SEN BİTTİN
Bana göre haftanın, hatta asrın tehdididir ‘Sen bittin!’ sözü. Neden?
Biz çocukken köylerde Jandarma olurdu. Ya birisini ifadeye çağırmak, ya da birilerine resmi bir yazı veya emri tebliğ etmek için köye gelirlerdi. Çocuk aklımızla jandarmanın haki elbisesini ve elindeki tüfeği görünce köşe bucak kaçar saklanırdık. Hatta birkaç gün boyunca köyün neresinde gördükse o yolu kullanmaz, acaba gitti mi kuşkusu ile başka yollardan dolaşırdık. O yıllar jandarma korkulacak bir kişi idi. Aynı şey daha sonra okul çağlarında polis için geçerli olmuştur. Hatta Hukuk Fakültesini bitirip avukat olduğum ilk yıllarda da ısınamamıştım polis karakollarına… Hiç unutmam mesleğin ilk yıllarında bir gece Kumkapı’da bir bıçaklama olayı için maktülün yakınları gece beni evden alıp Kumkapı Polis Karakoluna getirmişlerdi. Polislerin: ‘Buyurun Avukat Bey’ diyerek yer gösterip oturtmaları çok rahatlatmıştı. Hemen arkasından birkaç ay sonra da aynı karakolun baş komiseri ile takışacak ve tartışacak güvene sahip olmuştum.
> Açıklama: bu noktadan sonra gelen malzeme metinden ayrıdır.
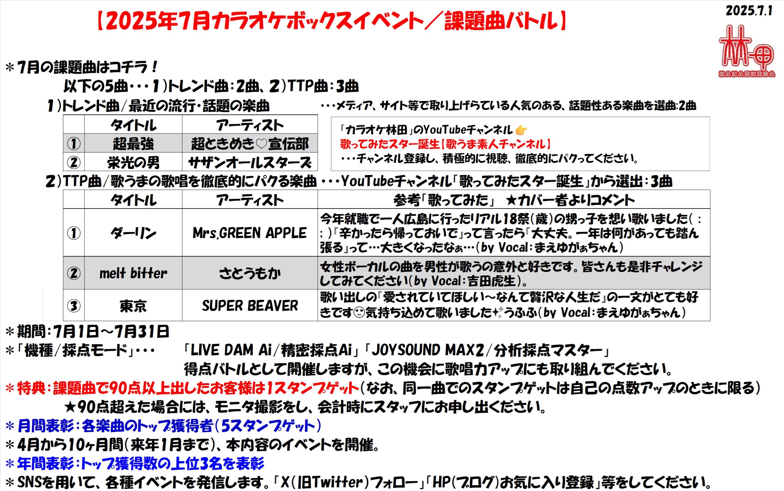【2025.7.1-7.10】7月カラオケボックスイベント課題曲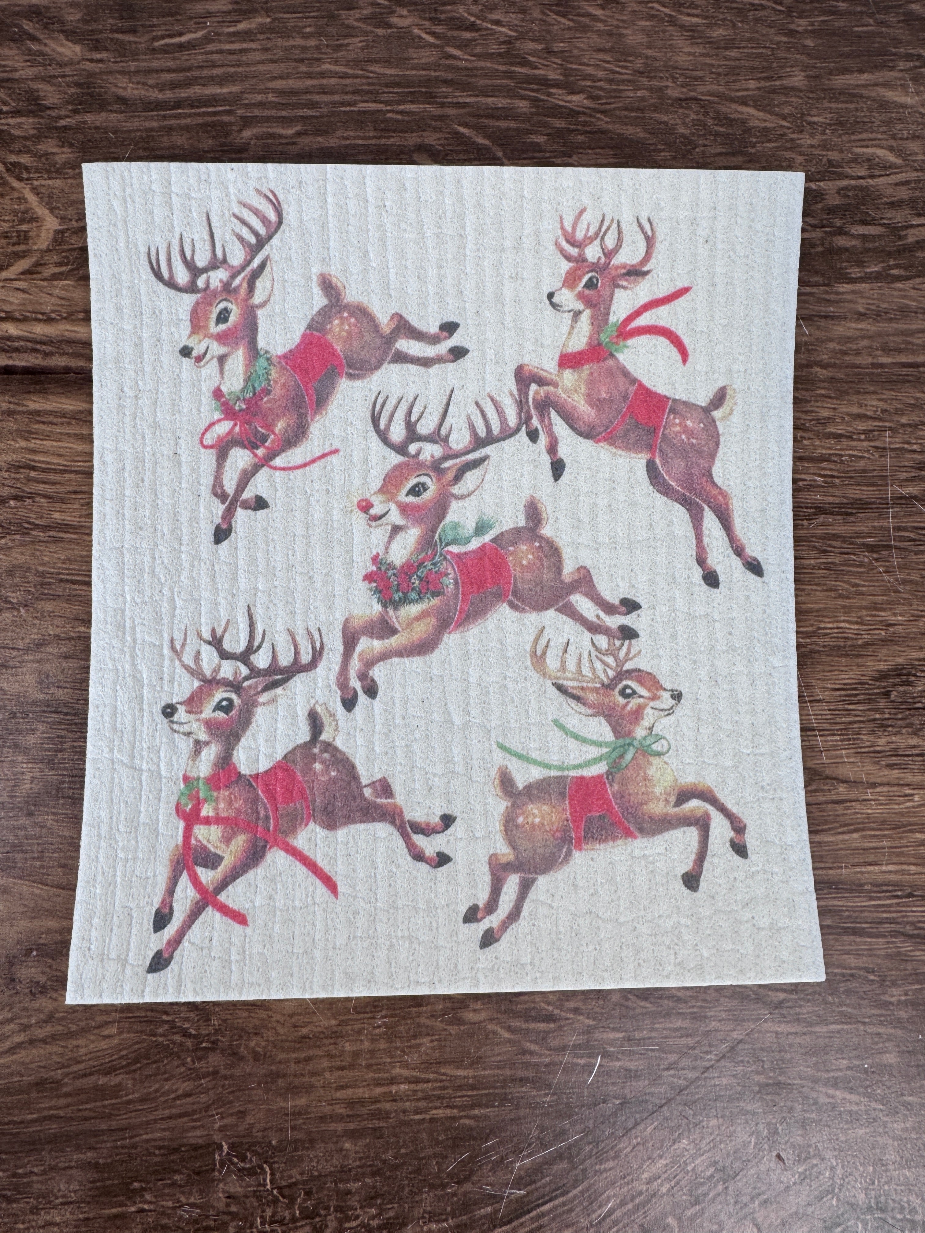 Vintage Reindeers Holiday Sponge Cloth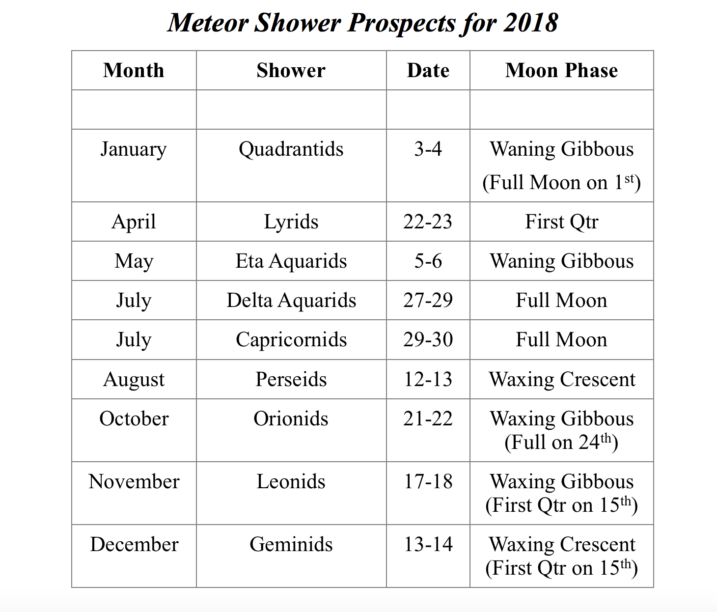 The schedule of the other major meteor showers for 2018 appears in a table at the end of this column.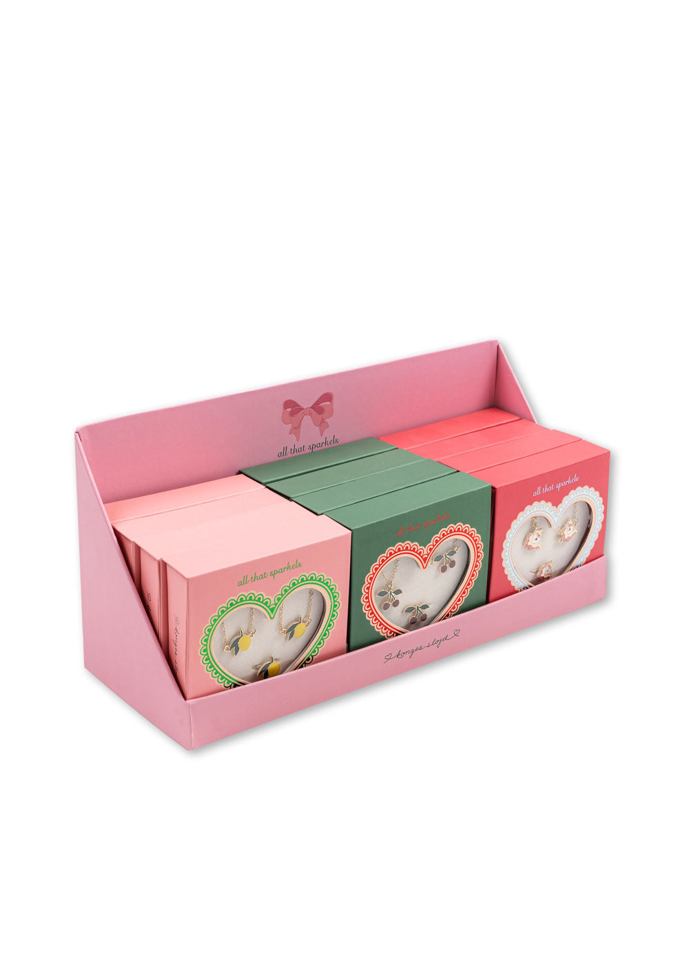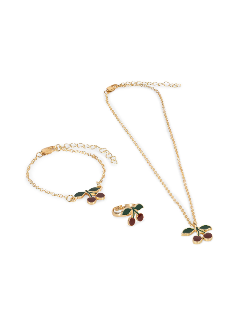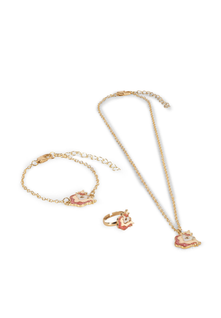 Gift box containing a necklace, a bracelet and an adjustable fingerring.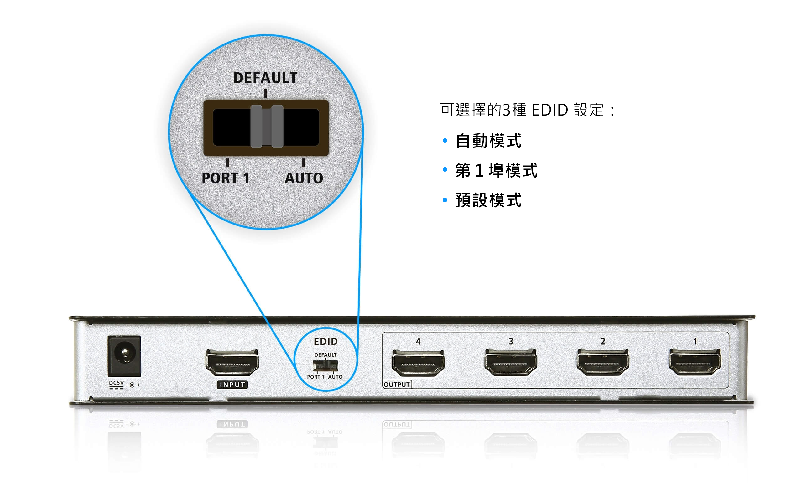 - EDID Expert ™ – 可選擇EDID 設定模式,能確保在不同螢幕間依然擁有最佳解析度並提供優質畫面顯示。透過EDID指撥開關讓使用者輕鬆的切換Port 1、Default 與Auto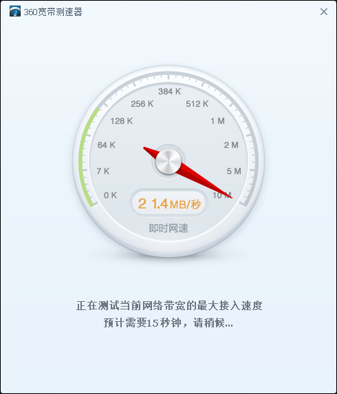 2、点击【360宽带网速测试】之后程序会自动运行开始测速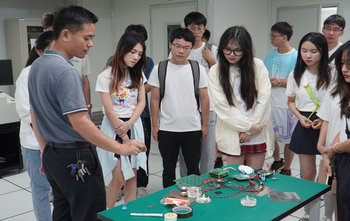 7月13日上午,实践队伍走进华中师范大学物理科学与技术公司,在王东老师的带领下参观了硅像素实验室、粒子探测实验室等实验平台,并聆听孙向明等3位老师分别介绍高速数据传输芯片、高速模数转换芯片和用于X射线偏振探测的芯片,老师们详细解释了芯片的工作原理、制造工艺和应用领域。在集体讨论和答疑环节中,同学们积极提问和交流,不断扩展自己的思维和知识面。
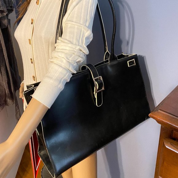 Wilson's Leather Large Black with Off White Tote/Laptop Bag W/Buckle Clasp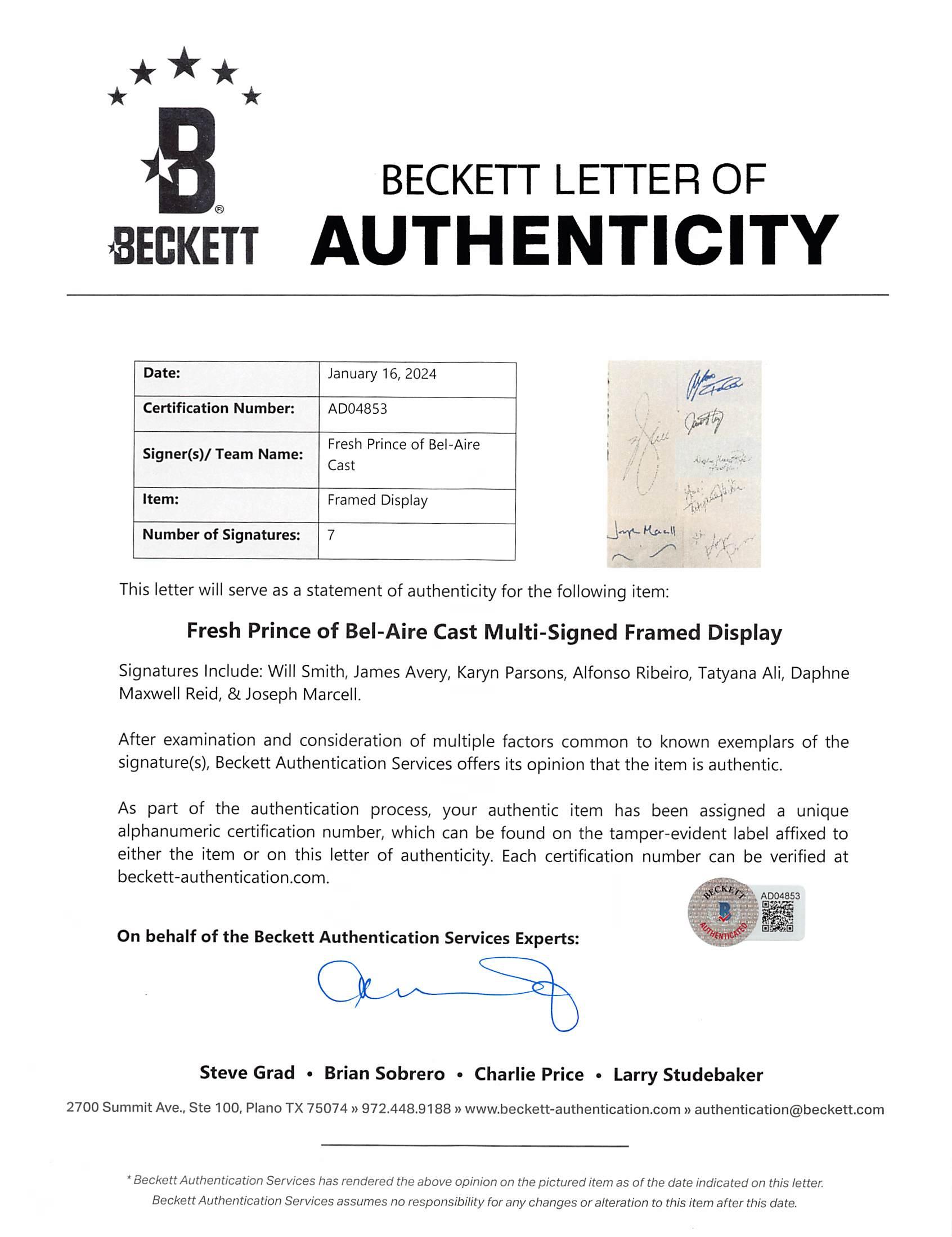 "Fresh Prince of Bel-Air" Custom Framed Cut Display Cast-Signed By (7) with Will Smith, James Avery, Alfonso Ribeiro (Beckett)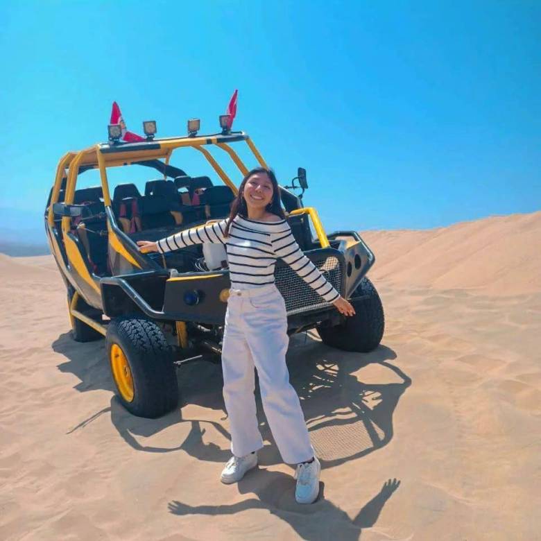 luego Subirás a unos Buggy que son carros areneros, con el cual iras entre las dunas, además practicarás el sandboarding, que es el descenso de las dunas con tablas una gran y divertida aventura que aumentará tu adrenalina, al conquistar las dunas de arena. Desde lo alto de las dunas verás el hermoso Oasis de Huacachina.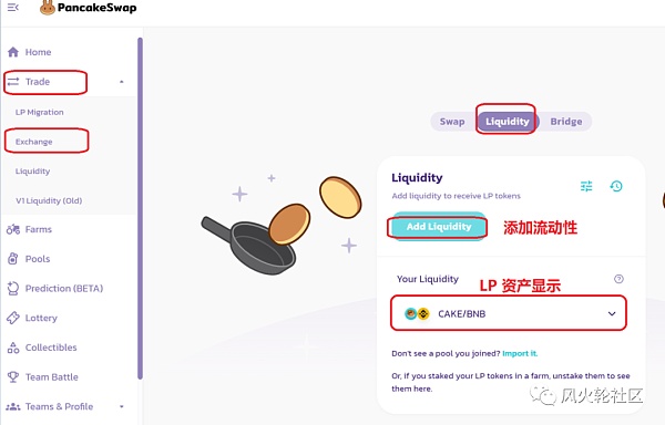 下一步就是添加流動性,也就是把你等值的bnb和cake放進資金池做市,相應的給你一個LP token權益證明,證明你有提供這部分做市資金,這塊平臺也是有引導的,跟新手再說下,如果要增加刪除流動性,也可以在平臺左側交易欄找exchange中的liquidity。

Aradan yıllar geçti. Deneyimli bir hukukçu olarak polis ve jandarmanın haklarını ve yetkilerini sadece benim deneyimim değil hukukçu olmayan aileler bile öğrendiler. Bugün polis ve jandarmanın kötülük yapacak insanlara karşı bizi koruyacak, tehdit edenlere karşı bize kalkan olacağı beş yaşındaki çocuklara dahi anlatılır oldu. Cezalandırmak için banyoya kapattığım baldızımın beş yaşındaki oğlu beni polislere şikayet edip kendisini çıkarmamı, polislerin kendisini kurtaracağını haykırdığı bir Türkiye’deyiz.
Fakat hey hat! Ülkemizde hala polis ve jandarmanın bu görevini bilmeyen bir kişi bulunmaktadır. Bu kişi ülkenin ana muhalefet partisi genel başkanını ‘iplerle, bitmekle…vs.’ tehdit etmektedir. Ne yazık ki bu şahıs polis ve jandarmanın amiri konumunda bir bakandır.
Evet, bu ülkede bitmiş bir şey vardır. Ama bitmiş olan şey ‘Sen bittin Kılıçtaroğlu’ diyen bakanın dediği gibi ana muhalefet partisi genel başkanı değil, hukuk bitmiş, hukuk ölmüştür. Hepimizin başı sağ olsun.